Часть 24 из 51 В начало
Для доступа к библиотеке пройдите авторизацию
На пороге – крепко сбитая невзрачная женщина лет сорока в серой растянутой футболке и мешковатых брюках карго, в модных вьетнамках. На сгибе локтя – бинт. Лицо без косметики, с резкими чертами, некрасивое. Стрижка ежиком.
Катя поняла, что перед ними не Ирина Лифарь. Вряд ли юный красавец-блондин с портрета влюбился бы в такую мужланку. Она ощутила сладковатый дурманящий запах, он словно окутывал незнакомку.
– Что вам надо? Мы закрыты. Не работаем.
– Полиция. По делу об убийстве известной вам Регины Гришиной. – Капитан Блистанов сунулся в дверь. – Вы кто? Как ваша фамилия?

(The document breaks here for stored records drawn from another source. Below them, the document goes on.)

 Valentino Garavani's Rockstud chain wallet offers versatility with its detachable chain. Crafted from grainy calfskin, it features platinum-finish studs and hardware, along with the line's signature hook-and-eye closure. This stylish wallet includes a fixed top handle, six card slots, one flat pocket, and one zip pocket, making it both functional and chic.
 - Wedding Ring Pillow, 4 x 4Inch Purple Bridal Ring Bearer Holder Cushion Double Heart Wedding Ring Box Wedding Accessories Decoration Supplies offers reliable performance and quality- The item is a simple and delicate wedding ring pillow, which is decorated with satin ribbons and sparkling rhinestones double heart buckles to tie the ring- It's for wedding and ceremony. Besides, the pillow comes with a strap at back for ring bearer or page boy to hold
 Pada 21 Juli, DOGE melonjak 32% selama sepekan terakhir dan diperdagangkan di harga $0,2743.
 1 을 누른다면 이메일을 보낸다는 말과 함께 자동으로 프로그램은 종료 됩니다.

– Куда лезешь, мелкий? – Женщина сразу грубо, мощно рванула дверь на себя. – Мы на карантине. В самоизоляции.
– Эльга, кто там еще?
Голос женский хрипловатый.
– Ментов принесло. Они говорят – ОНА сдохла!
За спиной мужланки возник силуэт. Фигура на пороге, цепляющаяся рукой за косяк двери, ведущей в фотомастерскую… В сумраке Катя не смогла разглядеть лица. Зато увидела другое – закатный луч, пробившийся сквозь жалюзи, высветил на фоне дверного косяка женскую руку, кисть, похожую видом на клешню насекомого. На кисти имелось лишь два пальца – мизинец и большой. От прочих остались обрубки первой фаланги.

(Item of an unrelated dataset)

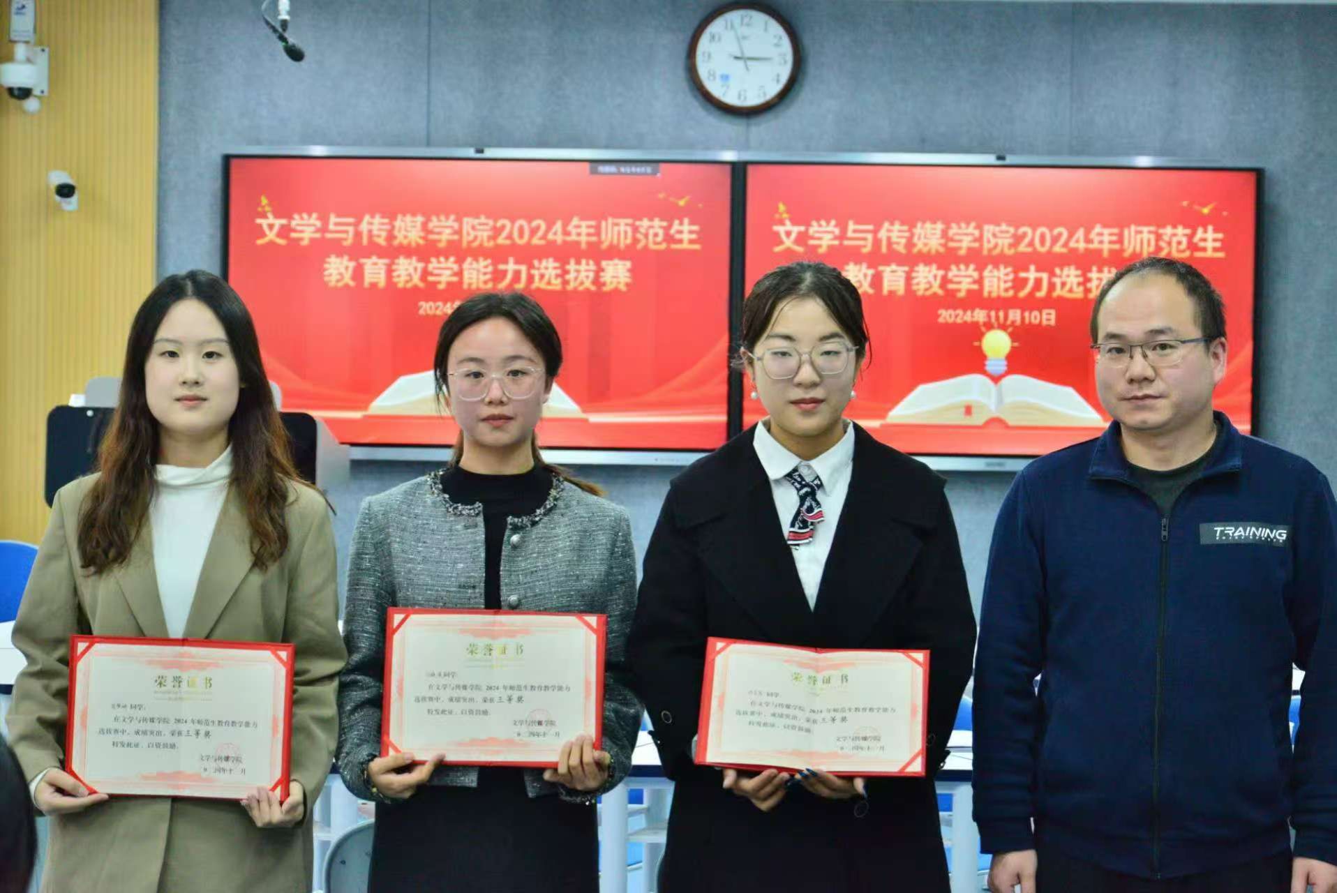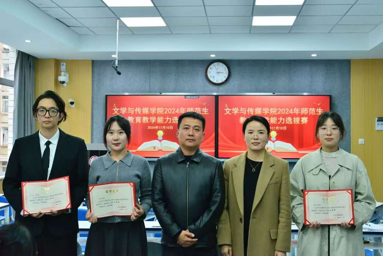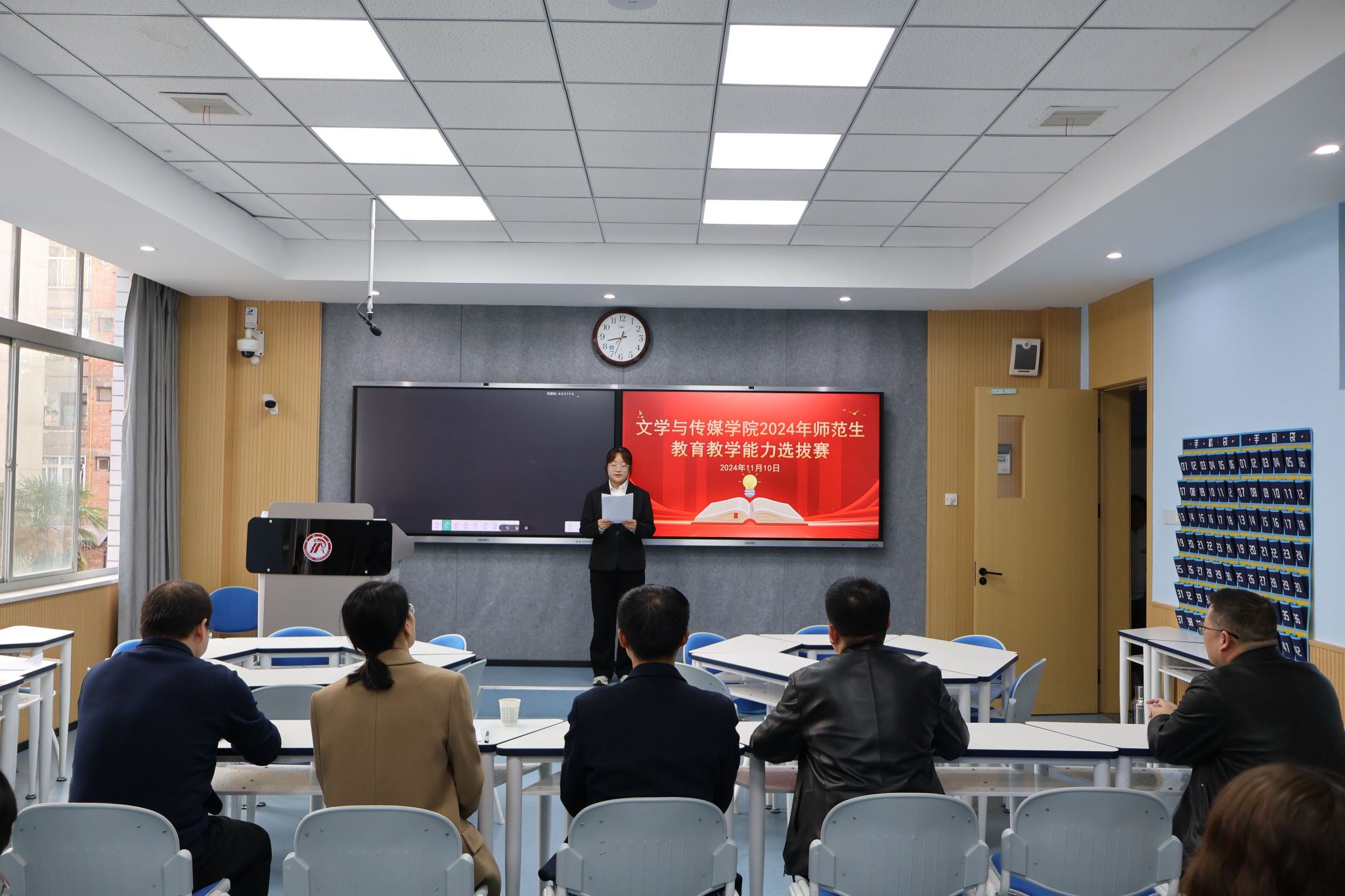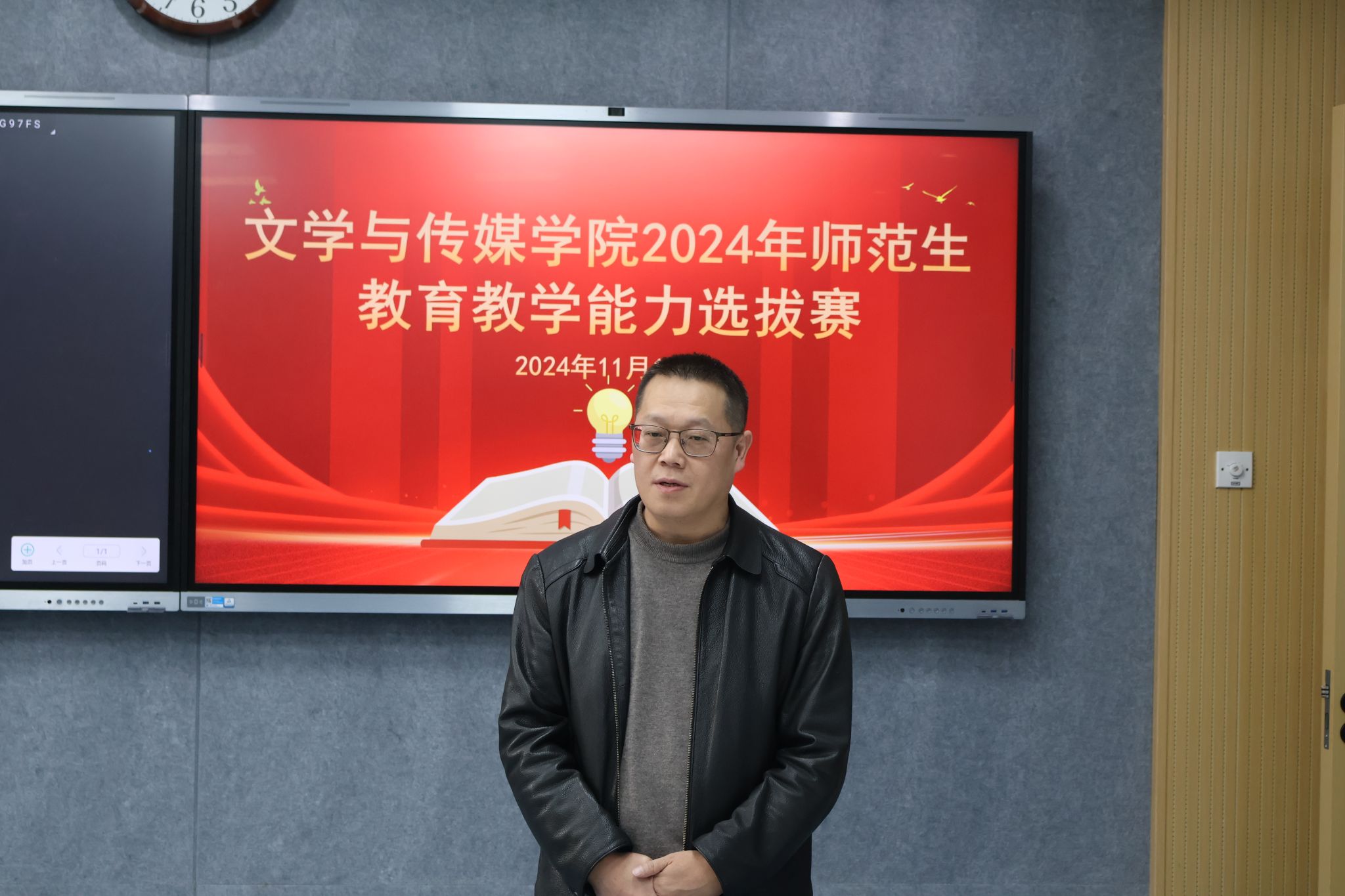 为做好陕西省2024年度师范生公司产品能力大赛准备工作,提升汉语言文学专业员工的师范生技能,太阳成tyc122cc集团在初赛的基础上,于2024年11月10日在江南校区1205教室成功举办了师范生公司产品能力选拔赛学院决赛。决赛邀请了安康市汉滨初中副董事长全东、汉滨区初级中学师训中心副主任张美玲、汉滨初中大桥路校区办公室主任柏虎峰担任评委,太阳成tyc122cc集团副经理朱云、系主任谭诗民、任课老师张格瑄和唐明珍参加了活动。

– Мы в самоизоляции, – объявила Эльга и с грохотом захлопнула стальную дверь фотосалона, едва не прищемив капитану Блистанову нос.
Гектор сразу повернул к машине, открыл багажник, расстегнул молнию армейского баула и вынул что-то из кармашка, затем достал ноутбук, водрузил его на баул. Закрывая багажник, он нагнулся, словно проверяя колесо, и прилепил маленький черный предмет к столбу металлической ограды газона прямо напротив двери фотосалона. Когда они вырулили со стоянки, он проделал то же самое на выезде на Ленинский проспект – прикрепил нечто к фонарному столбу у самой дороги.
– Беспроводные камеры на магните, вожу с собой с момента, как мы побывали в доме чудес в Полосатове. Вот и пригодились, – пояснил он Кате, открывая ноутбук и настраивая программу. – Солгала нам тетка насчет карантина. Отшила, как и прочие. Но здесь ситуация иная – от нее травой за версту несет. Канабисом.
– Я почувствовала запах, но про марихуану как-то не подумала. – Катя наблюдала, как он работает с программой камер слежения. Кого-кого, а уж Гектора такому учить не надо!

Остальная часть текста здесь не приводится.